*** Data shown ***

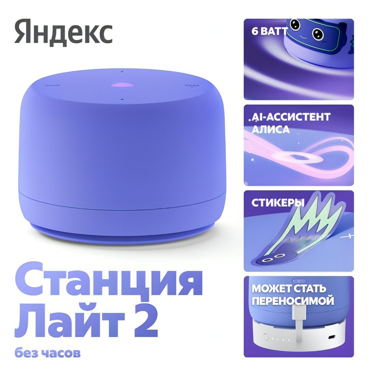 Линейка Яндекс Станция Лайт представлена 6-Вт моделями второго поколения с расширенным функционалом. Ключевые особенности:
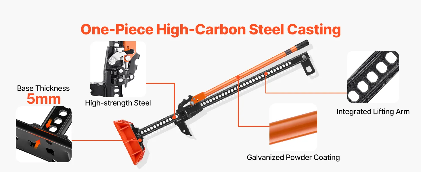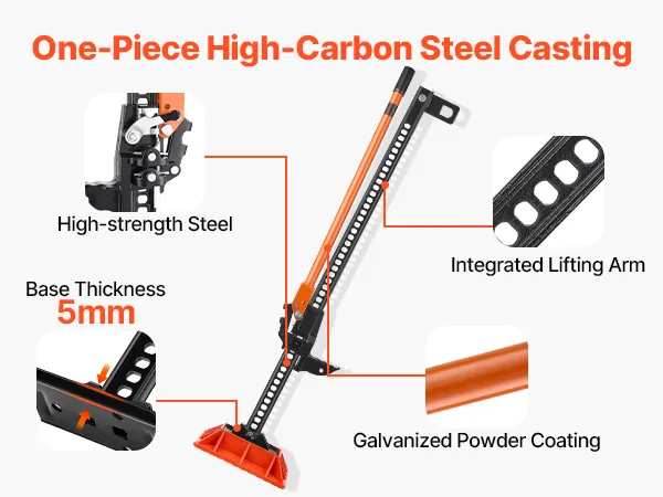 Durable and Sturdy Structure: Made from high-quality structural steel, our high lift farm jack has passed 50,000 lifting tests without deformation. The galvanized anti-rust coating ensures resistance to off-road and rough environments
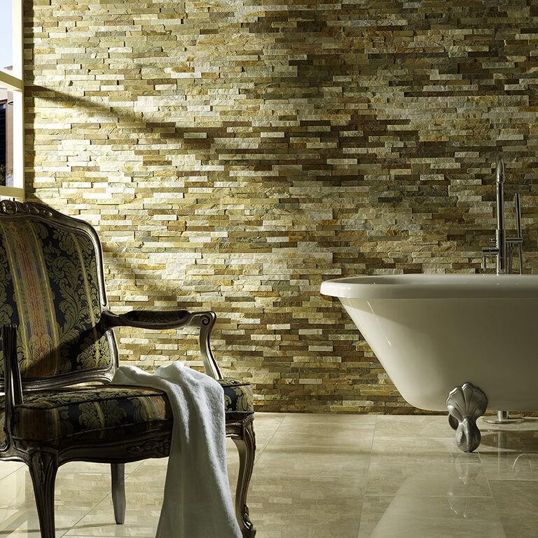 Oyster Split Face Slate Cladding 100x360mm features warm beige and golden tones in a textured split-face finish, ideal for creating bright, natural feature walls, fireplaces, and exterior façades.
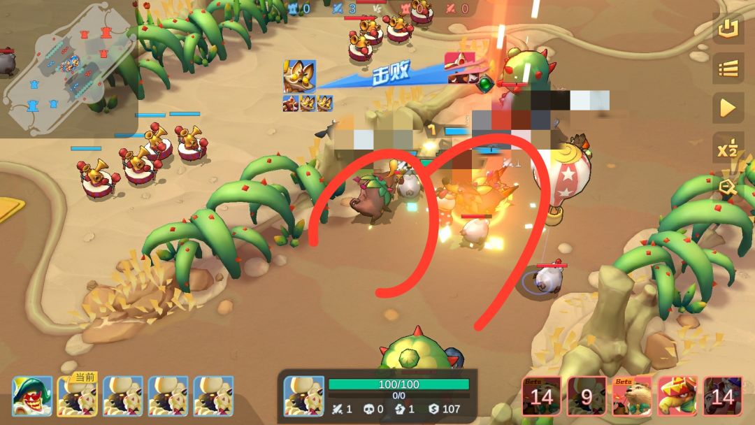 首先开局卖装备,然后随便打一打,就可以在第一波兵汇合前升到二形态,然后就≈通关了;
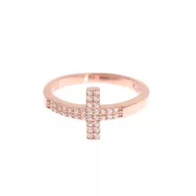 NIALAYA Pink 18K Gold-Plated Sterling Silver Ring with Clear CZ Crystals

*** End of Data shown ***
*** Data shown ***

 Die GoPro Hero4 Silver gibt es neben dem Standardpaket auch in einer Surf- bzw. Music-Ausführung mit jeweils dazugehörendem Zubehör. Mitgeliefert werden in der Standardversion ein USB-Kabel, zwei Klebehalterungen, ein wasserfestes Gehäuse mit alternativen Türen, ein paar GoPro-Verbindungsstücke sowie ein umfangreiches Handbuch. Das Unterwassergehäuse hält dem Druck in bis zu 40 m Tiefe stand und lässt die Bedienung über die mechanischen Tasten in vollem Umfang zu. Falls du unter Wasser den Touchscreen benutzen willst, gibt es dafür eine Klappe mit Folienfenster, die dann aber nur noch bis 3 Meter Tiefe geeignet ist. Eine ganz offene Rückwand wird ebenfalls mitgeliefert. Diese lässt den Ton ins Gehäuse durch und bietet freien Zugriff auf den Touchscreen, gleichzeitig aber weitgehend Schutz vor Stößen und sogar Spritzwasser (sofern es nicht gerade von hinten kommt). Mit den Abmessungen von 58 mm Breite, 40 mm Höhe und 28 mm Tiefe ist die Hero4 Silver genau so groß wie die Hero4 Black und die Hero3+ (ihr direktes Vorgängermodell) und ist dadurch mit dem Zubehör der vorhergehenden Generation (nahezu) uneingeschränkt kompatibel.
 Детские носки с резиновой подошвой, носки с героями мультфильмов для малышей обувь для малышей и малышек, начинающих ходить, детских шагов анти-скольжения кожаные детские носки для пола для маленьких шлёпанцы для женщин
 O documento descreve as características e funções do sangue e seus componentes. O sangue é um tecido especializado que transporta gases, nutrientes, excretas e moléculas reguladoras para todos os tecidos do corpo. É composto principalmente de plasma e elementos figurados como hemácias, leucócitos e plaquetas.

*** End of Data shown ***
*** Data shown ***

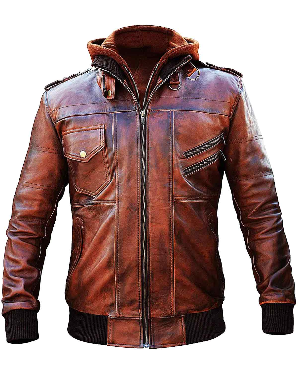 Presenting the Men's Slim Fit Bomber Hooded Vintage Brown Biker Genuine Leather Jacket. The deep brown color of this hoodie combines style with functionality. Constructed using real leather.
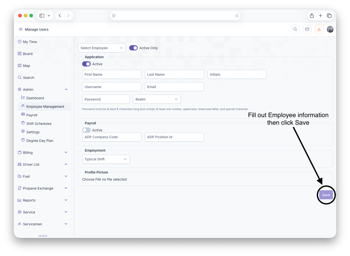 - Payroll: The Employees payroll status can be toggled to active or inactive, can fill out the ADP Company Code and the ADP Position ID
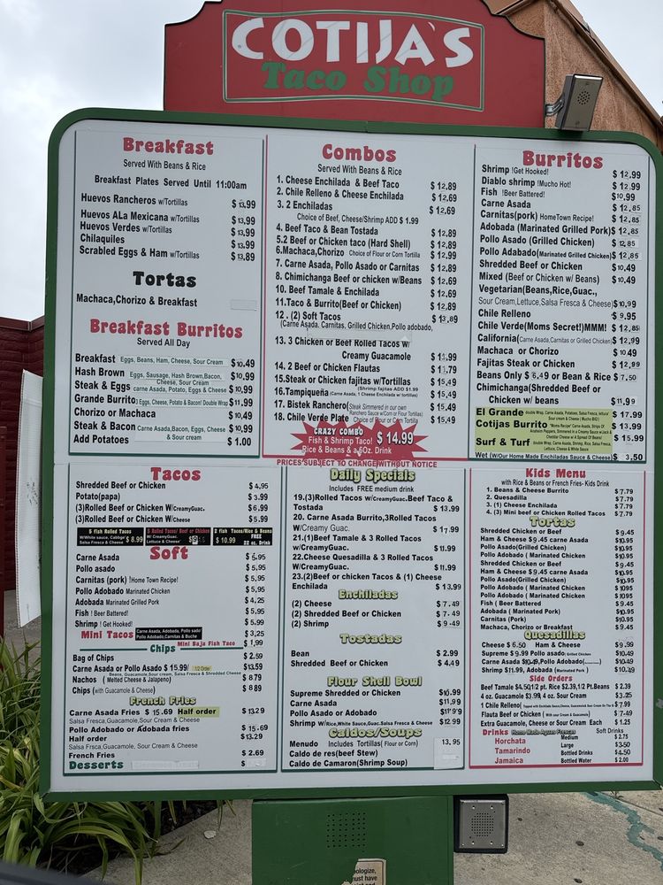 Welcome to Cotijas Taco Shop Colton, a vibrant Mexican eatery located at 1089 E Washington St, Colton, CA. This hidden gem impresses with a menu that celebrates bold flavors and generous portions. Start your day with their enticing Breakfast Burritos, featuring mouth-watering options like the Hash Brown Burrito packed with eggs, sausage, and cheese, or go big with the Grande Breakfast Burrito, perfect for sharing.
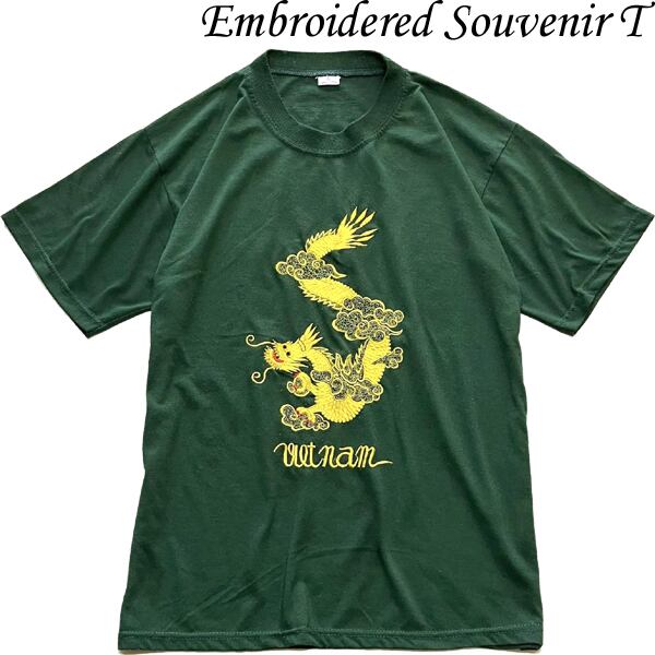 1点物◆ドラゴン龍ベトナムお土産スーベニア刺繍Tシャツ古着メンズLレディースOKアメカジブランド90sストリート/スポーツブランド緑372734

*** End of Data shown ***

● **Exercise directions**
When you reach the line with "- Payroll: The" in the records above, begin repeating the lines exactly, and stop after the line with "1点物◆ドラゴン龍ベトナムお". Skip all pictures.

● **Answer to this exercise**
 - Payroll: The Employees payroll status can be toggled to active or inactive, can fill out the ADP Company Code and the ADP Position ID
 Welcome to Cotijas Taco Shop Colton, a vibrant Mexican eatery located at 1089 E Washington St, Colton, CA. This hidden gem impresses with a menu that celebrates bold flavors and generous portions. Start your day with their enticing Breakfast Burritos, featuring mouth-watering options like the Hash Brown Burrito packed with eggs, sausage, and cheese, or go big with the Grande Breakfast Burrito, perfect for sharing.
 1点物◆ドラゴン龍ベトナムお土産スーベニア刺繍Tシャツ古着メンズLレディースOKアメカジブランド90sストリート/スポーツブランド緑372734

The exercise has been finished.